Proximal gradient and block coordinate descent do not access \(g(x, \lambda)\) directly but instead require its associated proximal operator. It is defined as:

\[\text{prox}_{g}(x', \lambda, \eta) := \underset{x}{\text{argmin}} ~ \frac{1}{2} ||x' - x||^2 + \eta g(x, \lambda).\]

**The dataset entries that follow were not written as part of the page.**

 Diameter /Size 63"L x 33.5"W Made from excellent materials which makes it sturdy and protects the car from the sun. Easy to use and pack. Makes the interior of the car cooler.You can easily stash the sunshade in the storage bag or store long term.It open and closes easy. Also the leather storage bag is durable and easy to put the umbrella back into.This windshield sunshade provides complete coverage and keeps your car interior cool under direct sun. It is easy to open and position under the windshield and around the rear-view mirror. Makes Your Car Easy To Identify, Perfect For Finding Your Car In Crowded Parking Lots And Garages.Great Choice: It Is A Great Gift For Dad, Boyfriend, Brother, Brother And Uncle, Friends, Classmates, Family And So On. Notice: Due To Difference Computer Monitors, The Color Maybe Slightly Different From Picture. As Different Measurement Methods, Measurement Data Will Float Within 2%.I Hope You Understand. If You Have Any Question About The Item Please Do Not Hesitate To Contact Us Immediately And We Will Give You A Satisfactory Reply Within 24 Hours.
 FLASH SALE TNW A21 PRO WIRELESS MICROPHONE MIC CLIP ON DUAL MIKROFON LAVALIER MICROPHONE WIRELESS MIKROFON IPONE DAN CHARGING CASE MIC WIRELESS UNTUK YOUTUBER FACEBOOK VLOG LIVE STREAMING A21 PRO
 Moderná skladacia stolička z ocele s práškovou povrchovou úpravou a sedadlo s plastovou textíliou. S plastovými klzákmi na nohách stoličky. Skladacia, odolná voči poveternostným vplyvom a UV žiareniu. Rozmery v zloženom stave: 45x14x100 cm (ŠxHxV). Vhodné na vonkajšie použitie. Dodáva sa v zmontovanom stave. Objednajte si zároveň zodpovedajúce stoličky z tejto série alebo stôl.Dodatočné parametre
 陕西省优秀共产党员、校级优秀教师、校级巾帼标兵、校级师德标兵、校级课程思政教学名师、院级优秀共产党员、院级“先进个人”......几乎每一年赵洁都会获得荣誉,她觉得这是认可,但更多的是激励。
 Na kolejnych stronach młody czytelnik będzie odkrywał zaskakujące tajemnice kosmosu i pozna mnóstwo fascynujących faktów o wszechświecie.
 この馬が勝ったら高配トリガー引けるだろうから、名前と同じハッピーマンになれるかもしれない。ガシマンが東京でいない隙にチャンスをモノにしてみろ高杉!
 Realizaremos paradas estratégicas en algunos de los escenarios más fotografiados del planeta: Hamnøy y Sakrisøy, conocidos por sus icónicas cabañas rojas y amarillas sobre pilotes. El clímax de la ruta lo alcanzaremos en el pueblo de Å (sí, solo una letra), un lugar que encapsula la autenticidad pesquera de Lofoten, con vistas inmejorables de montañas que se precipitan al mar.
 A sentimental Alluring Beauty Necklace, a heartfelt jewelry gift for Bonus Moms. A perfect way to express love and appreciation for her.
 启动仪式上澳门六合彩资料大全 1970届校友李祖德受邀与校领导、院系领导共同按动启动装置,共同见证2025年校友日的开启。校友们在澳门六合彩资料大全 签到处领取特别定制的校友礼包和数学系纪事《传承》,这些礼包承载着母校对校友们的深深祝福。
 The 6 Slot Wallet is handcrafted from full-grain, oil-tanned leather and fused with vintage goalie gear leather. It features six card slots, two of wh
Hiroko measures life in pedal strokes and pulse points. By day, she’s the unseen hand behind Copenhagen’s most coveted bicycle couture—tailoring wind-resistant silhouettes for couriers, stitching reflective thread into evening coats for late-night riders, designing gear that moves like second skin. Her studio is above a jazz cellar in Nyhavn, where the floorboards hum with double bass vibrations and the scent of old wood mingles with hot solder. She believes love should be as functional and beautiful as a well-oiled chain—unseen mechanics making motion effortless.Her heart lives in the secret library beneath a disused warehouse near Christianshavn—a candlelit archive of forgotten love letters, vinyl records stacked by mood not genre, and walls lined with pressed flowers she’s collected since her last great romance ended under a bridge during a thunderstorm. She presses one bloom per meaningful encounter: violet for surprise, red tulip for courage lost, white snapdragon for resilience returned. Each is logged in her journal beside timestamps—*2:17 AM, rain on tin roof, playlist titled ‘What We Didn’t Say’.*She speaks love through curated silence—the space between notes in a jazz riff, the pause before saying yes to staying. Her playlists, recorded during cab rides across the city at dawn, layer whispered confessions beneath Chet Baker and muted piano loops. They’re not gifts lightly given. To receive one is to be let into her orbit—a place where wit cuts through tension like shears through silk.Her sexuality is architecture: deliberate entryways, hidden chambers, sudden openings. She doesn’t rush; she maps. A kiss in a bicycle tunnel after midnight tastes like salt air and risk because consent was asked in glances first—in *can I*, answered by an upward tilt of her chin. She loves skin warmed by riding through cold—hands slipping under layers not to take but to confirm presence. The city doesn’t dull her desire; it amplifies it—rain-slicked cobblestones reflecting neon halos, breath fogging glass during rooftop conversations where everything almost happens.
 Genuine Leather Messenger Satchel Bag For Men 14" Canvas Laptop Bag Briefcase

The following operators are available.

`jaxopt.prox.make_prox_from_projection`(projection)	Transforms a projection into a proximal operator.
`jaxopt.prox.prox_none`(x[, hyperparams, scaling])	Proximal operator for \(g(x) = 0\), i.e., the identity function.
`jaxopt.prox.prox_lasso`(x[, l1reg, scaling])	Proximal operator for the l1 norm, i.e., soft-thresholding operator.
`jaxopt.prox.prox_non_negative_lasso`(x[, ...])	Proximal operator for the l1 norm on the non-negative orthant.
`jaxopt.prox.prox_elastic_net`(x[, ...])	Proximal operator for the elastic net.
`jaxopt.prox.prox_group_lasso`(x[, l2reg, scaling])	Proximal operator for the l2 norm, i.e., block soft-thresholding operator.
`jaxopt.prox.prox_ridge`(x[, l2reg, scaling])	Proximal operator for the squared l2 norm.
`jaxopt.prox.prox_non_negative_ridge`(x[, ...])	Proximal operator for the squared l2 norm on the non-negative orthant.